On March 22, during the Birmingham, AL-based company’s fourth-quarter earnings call, CEO Jeff Rosenthal announced he is retiring this year, so what impact, if any, will these exits have on the retailer?

In this latest news that SGB posted Friday morning, Hibbett said Bowman, pictured, who had been with the retailer for more than six years, is leaving to pursue another opportunity on the West Coast and to be near family. His last day with Hibbett is April 26.

In Bowman’s words: “I have accepted another opportunity that will put me closer to family, but I will remain with Hibbett through the end of April to assist with the transition. Being associated with this company has been a truly rewarding experience, and I am grateful for the opportunity to have worked with so many great people at Hibbett. I am confident that the company is on a good trajectory and will continue to strengthen its position among athletic specialty retailers.”

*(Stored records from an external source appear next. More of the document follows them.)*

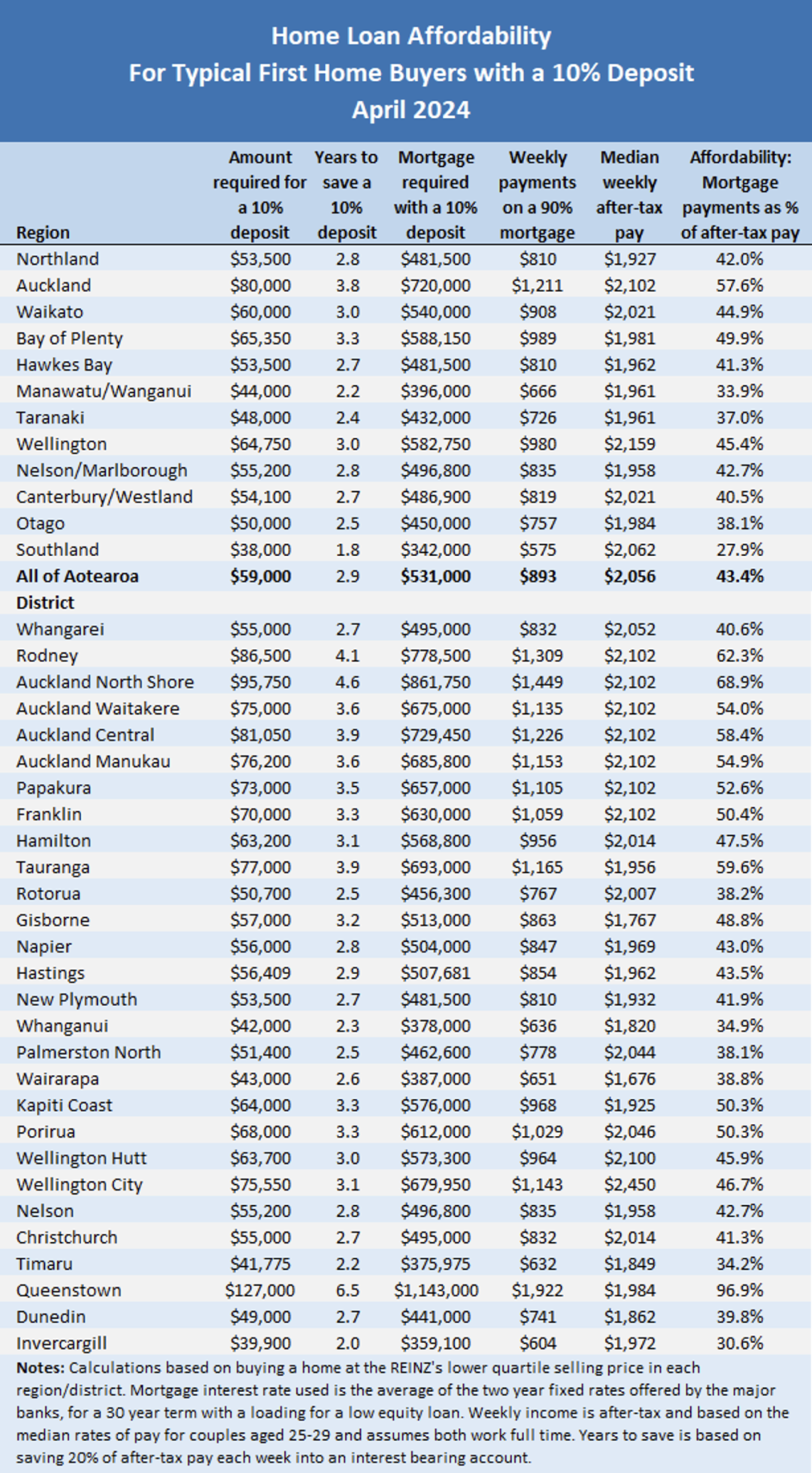 2024年新西兰各地区支付了10%首付款买家的可负担能力对比图 (来源interest.co.nz)
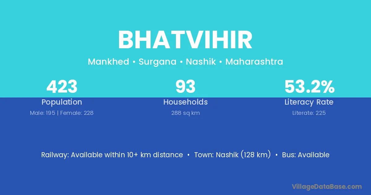 Bhatvihir village has a total population of 423 people, of which 195 are males and 228 are females.
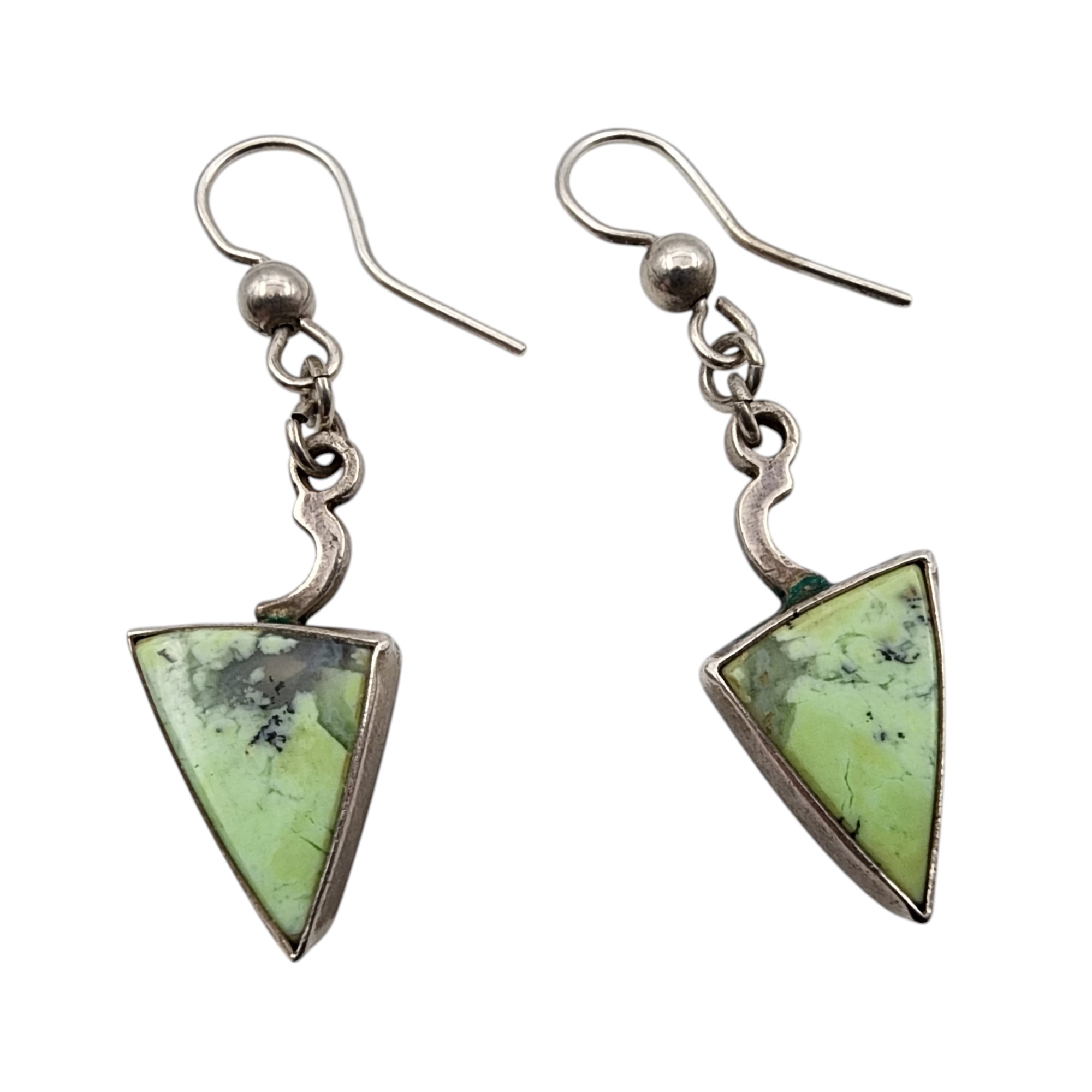 Sterling Signed Lemon Chrysoprase Earrings 4.8g
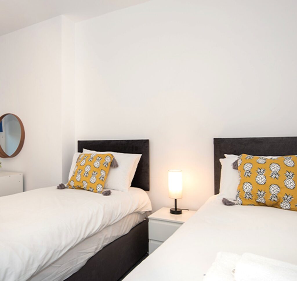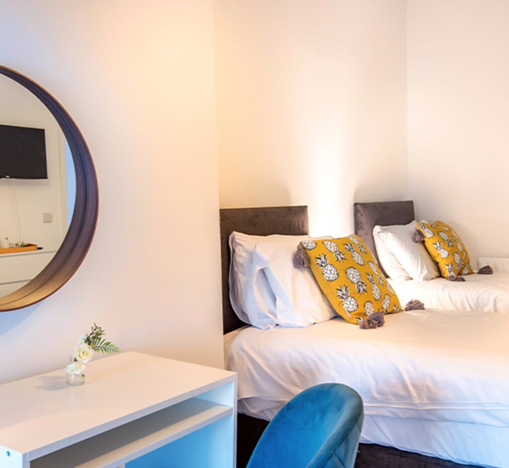 The twin rooms at the Royal Ashton Town House in Taunton offer comfortable, ensuite accommodation ideal for both short and long stays. Each room features two single beds, flat-screen Freeview TV, wardrobe, tea and coffee making facilities, and a fridge. The ensuite shower room includes complimentary toiletries, with towels and bed linen provided.
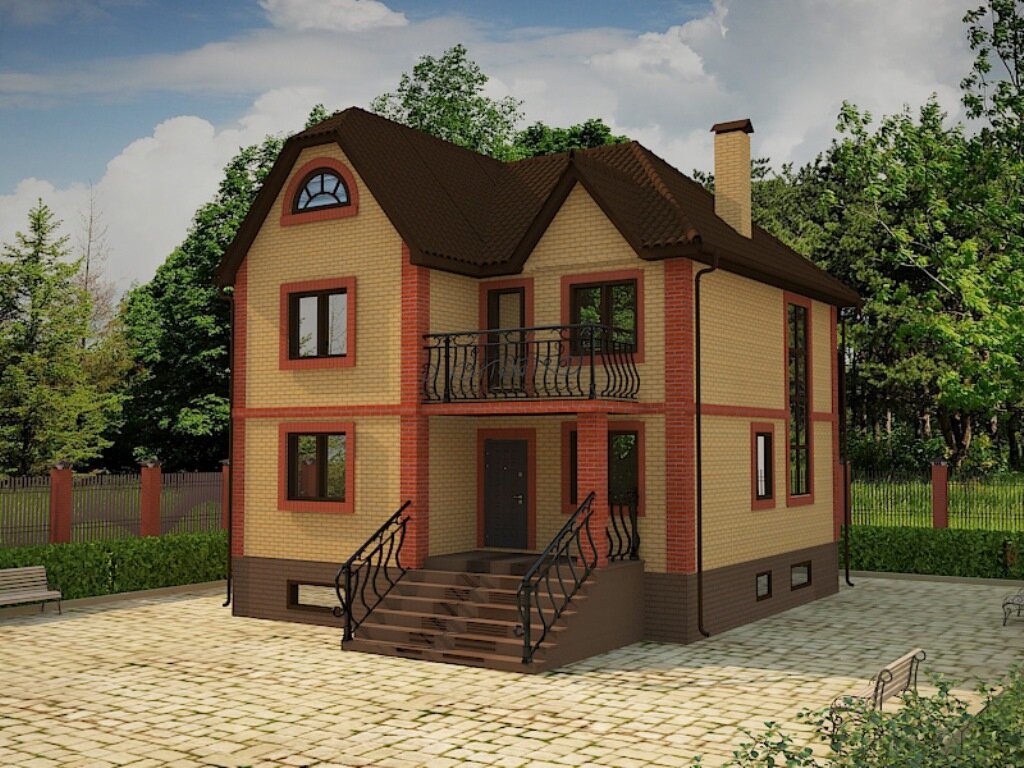 Наружная отделка – облицовочный кирпич. Строительство дома начинается с проекта. Только имея полный и подробный проект будущего дома можно быстро и грамотно построить его без ошибок, накладок и переделок. Проект поможет наиболее точно представить внешний вид дома, планировочные решения, расход требуемых материалов и конструктивные решения фундаментов, стен, перекрытий и крыши. Проект дома разработан специалистами в области проектирования и строительства загородных домов, коттеджей с учетом ГОСТ и СНиП. Проект состоит из разделов: АР (архитектурные решения), КР (конструктивные решения) и 3D-визуализации. Выполнен на бумажном альбоме формата А-3
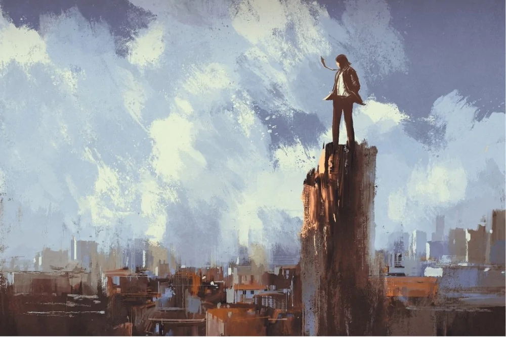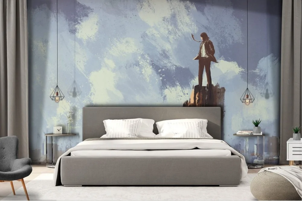Carta da Parati uomo osserva città dipinto arte contemporanea

Rosenthal—who was in Bowman’s situation just a few weeks ago as the company feted his own accomplishments upon retiring—said this about Hibbett’s outgoing CFO: “On behalf of the board of directors and our leadership team, I would like to thank Scott for his contributions as CFO for more than six years. During his time at Hibbett, Scott helped drive company-wide efforts to create shareholder value through strategic initiatives and an acquisition [City Gear] that has improved the company’s competitive position. We wish him all the best in his future endeavors. Going forward, I am confident that the strength of our accounting and finance team will keep us moving forward while we search for Scott’s replacement.”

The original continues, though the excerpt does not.